My son is a perpetual motion machine and always has been. Since the moment he had free reign over his body, he's used it to feel out his environment and soothe himself. We joke that he has to "get his wiggles out," when he's having a particularly jumpy day, but when he was a few years old, he was diagnosed with autism spectrum disorder. His "stims" were one of the red flags the pediatric psychologist used to diagnose him. However, not every motion an excited child makes is a stim. So is your baby stimming? It's important to know the difference between self-regulatory stimulations and just the plain old excitement of babies.
The thing is, everyone stims to some degree. Maybe you bite your nails, or scratch your scalp.
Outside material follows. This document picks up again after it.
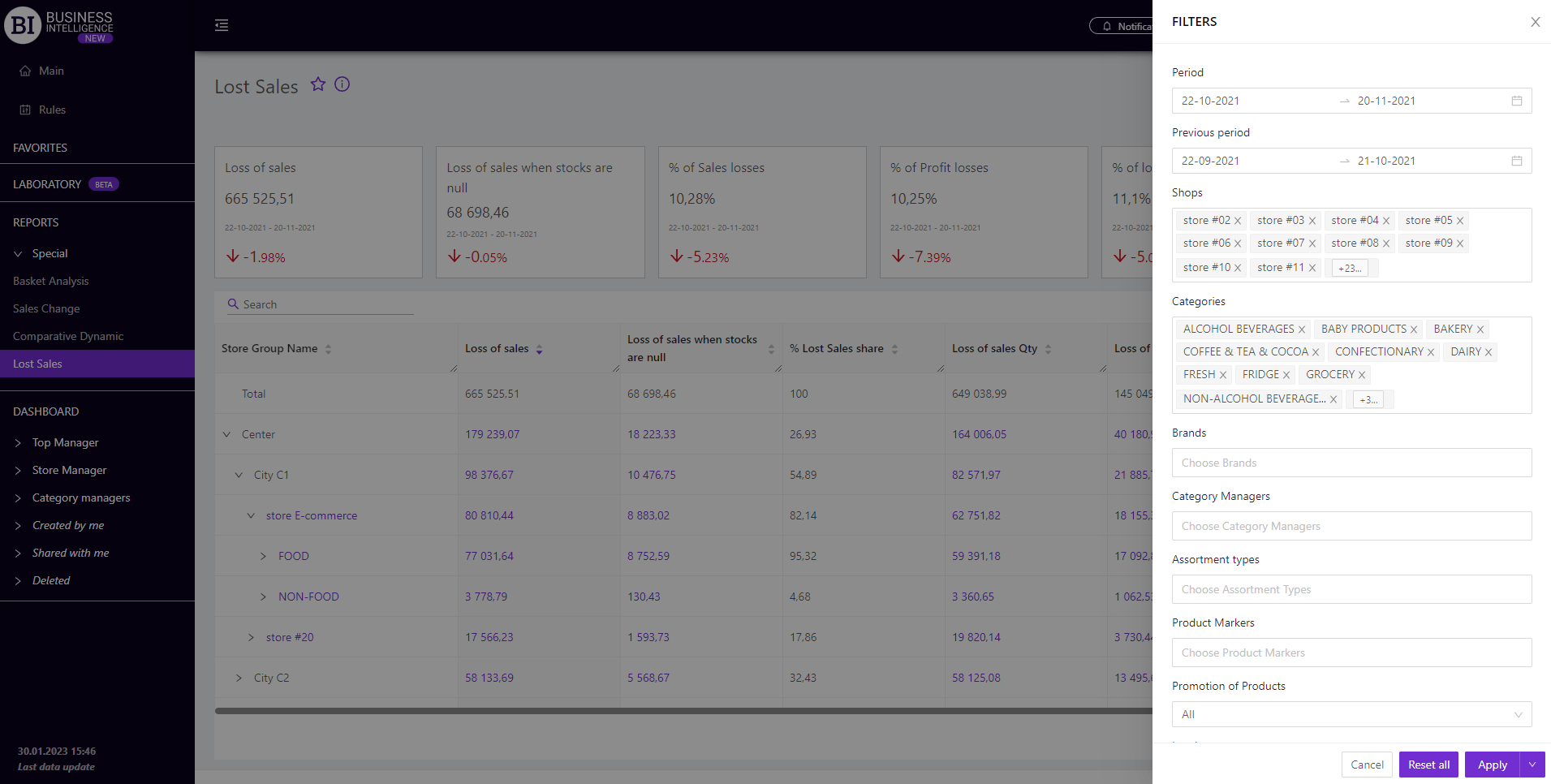 Brand salesStore cardProduct CardBasket AnalysisQuadrant analysisProducers analysisPlanogram EfficiencyLost SalesSales ChangeCategory managersSuppliers salesMarkers comparisonCategory CardProducts salesStores salesCategories salesStock MonitoringMainUnsaleable productsPrediction of OoS24-Hour AnalysisProducts movementEffectiveness of сashiersProducts for adjustmentPOS-terminal TrafficSales PlansPromotion AnalysisNew SKUEffectiveness of Loyalty ProgramPromo CardRFM - analysisStatistic of Loyalty ProgramCustomer Loyalty SegmentationLoyalty CardComparative DynamicsReceiptsLOST SALES

Have you ever noticed yourself bouncing on your toes while waiting in line or tapping your fingers when you're nervous? According to the Child Mind Institute, having a stim is very different from the stimming behaviors of kids on the autism spectrum. The differences come from the severity of the action, the repetitive nature of the stimulation, and the reason behind it. When it negatively impacts regular activities or leads to an impairment of social function, like rocking instead of talking, that's when it's a concern, noted Child Mind Institute.
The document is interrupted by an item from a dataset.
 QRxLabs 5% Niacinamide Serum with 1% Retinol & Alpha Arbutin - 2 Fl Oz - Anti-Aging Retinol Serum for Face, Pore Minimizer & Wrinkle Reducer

For my son, his stim started as hand flapping and gesturing and progressed to toe-walking and eventually bouncing. Bouncing is now his primary stim. He does it unconsciously almost all the time, but it gets worse when he's agitated, excited, or upset. When he was a baby and flapping his arms wildly, I just thought it was a quirk he had and a way of expressing his excitement. It wasn't until later on, after he started receiving intensive occupational and physical therapy, that I understood. The flapping became more and more intense the more uncomfortable, or strangely enough, happy that he was. Crowds, loud noises, and Lady Gaga all made him flap so hard it was amazing he stayed on the ground.
It never occurred to me to ask at the time if he was stimming because I was so concerned about other areas like his speech and non-verbal communication. Looking back, I should have, and that's why I decided to contact his first occupational therapist, Anna Ivanova, to talk about what the repetitive motions that babies do actually means and if it's worrisome or not.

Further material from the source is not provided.